- Directed by: Mate Relja
- Screenplay by: Mate Relja
- Based on: Vlak u snijegu by Mato Lovrak
- Starring: Slavko Štimac Željko Malčić Gordana Inkret Edo Peročević
- Cinematography: Ivica Rajković
- Edited by: Blaženka Jenčić
- Music by: Arsen Dedić
- Production company: Croatia Film
- Release date: 1976;
- Running time: 82 minutes
- Country: Yugoslavia
- Language: Croatian

= Train in the Snow =

Train in the Snow (Vlak u snijegu) is a Croatian children and adventure film directed by Mate Relja. It was released on 10 June 1976.

It is based on the children's novel Vlak u snijegu written by Mato Lovrak (1899–1974), then a young schoolteacher inspired by actual events, in 1933, and first titled Djeca Velikog Sela.

==Plot==
At the behest of their teacher, fourth-grade schoolchildren in a small Croatian village found an old-style Slavic zadruga and organize a field trip to Zagreb.

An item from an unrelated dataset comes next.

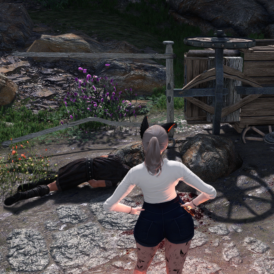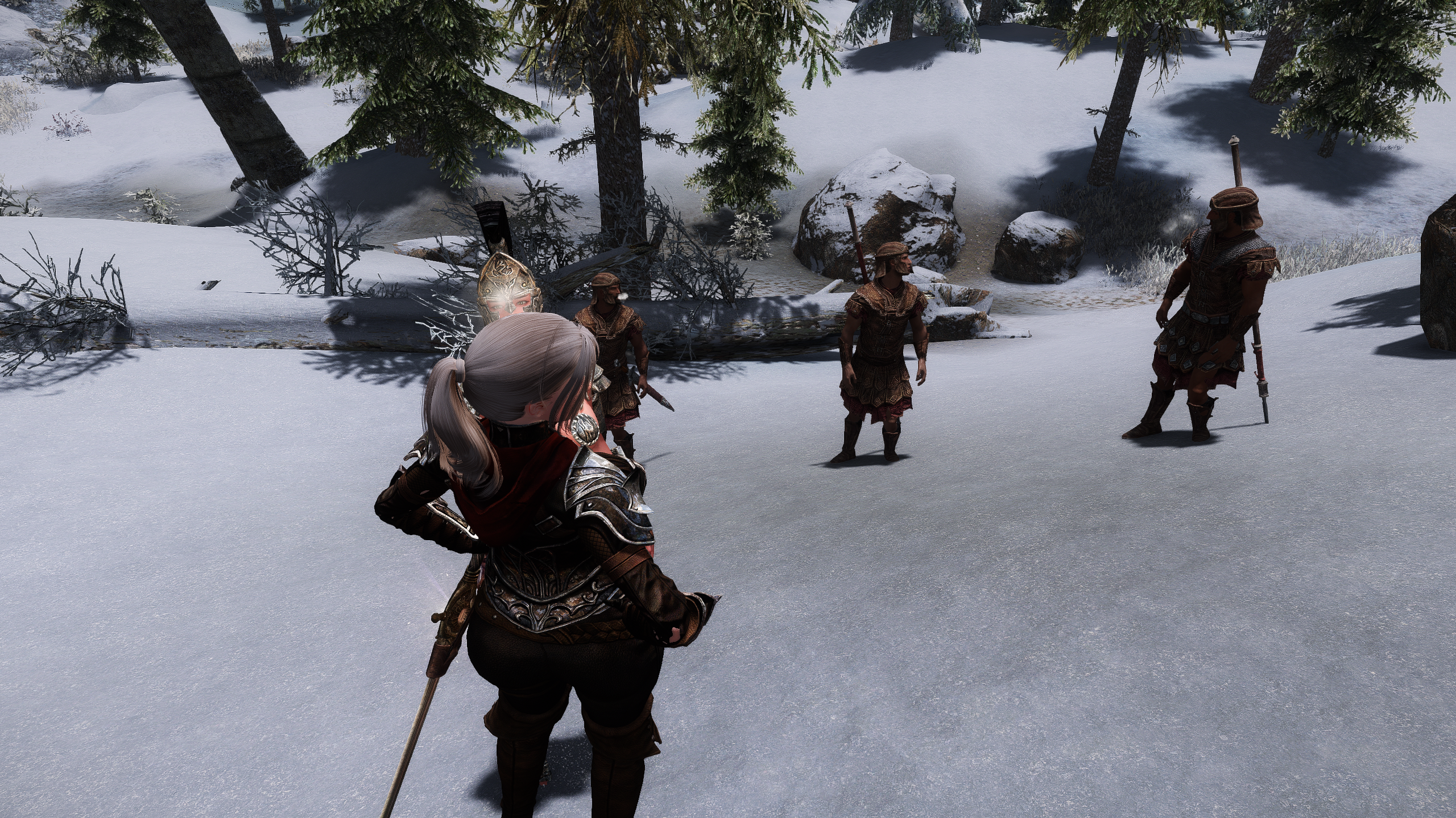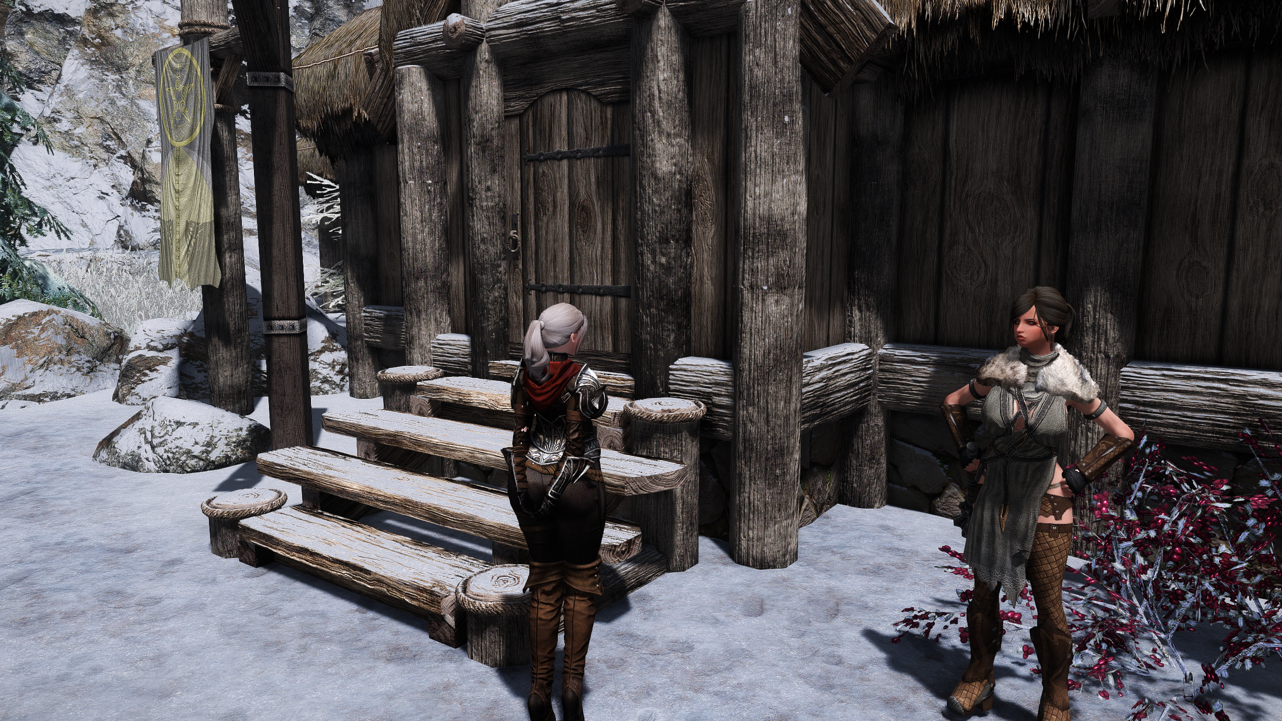 솔리튜드 북서쪽에 위치한 흐라그스태드 요새 입구에는 쌍수 단검, 활 공격을 사용하는 산적 폭력배, 산적 무법자가 있습니다. (마법사는 없음)

On their way back, their teacher gets ill and must stay at the hospital. As the children travel back on their own, the train gets blocked by a snowdrift. With the help of the children, the railroad workers manage to clear the way.

== Cast ==
- Slavko Štimac as Ljuban Marić
- Gordana Inkret as Draga
- Željko Malčić as Pero
- Edo Peročević as the conductor
- Ratko Buljan as the teacher
- Antun Nalis as the newspaper editor

==Locations==
The film was shot from 1973 to 1976.

Most of the children came from the Regional school of Velika Ciglena near Bjelovar, which was then part of Dr Franko Vinter Elementary School in Bjelovar, now 1st Elementary School Bjelovar.

The scenes in Zagreb were taken at the Zagreb Glavni kolodvor, the Funicular, the Dolac Market, the National Theatre, the Zoo and a printing press.

Some scenes were filmed at the Rovišće railway station near Bjelovar.

The scenes in the school were shot in the village of Tomaš near Bjelovar, and the scenes in the snow near Grginac on the railroad between Bjelovar and Kloštar Podravski, with snow-blowers from Planica in Slovenia to provide artificial snow. At the end of the shooting, several scenes could be taken in real snow, which had started falling.

==First appearances==
The film was first released in Bjelovar on 10 June 1976. On the same year, it was shown at the International Children's Festival of Šibenik and at the Pula Film Festival, where it received the Jelen award—the first children's film to receive it. It has been shown in 30 countries.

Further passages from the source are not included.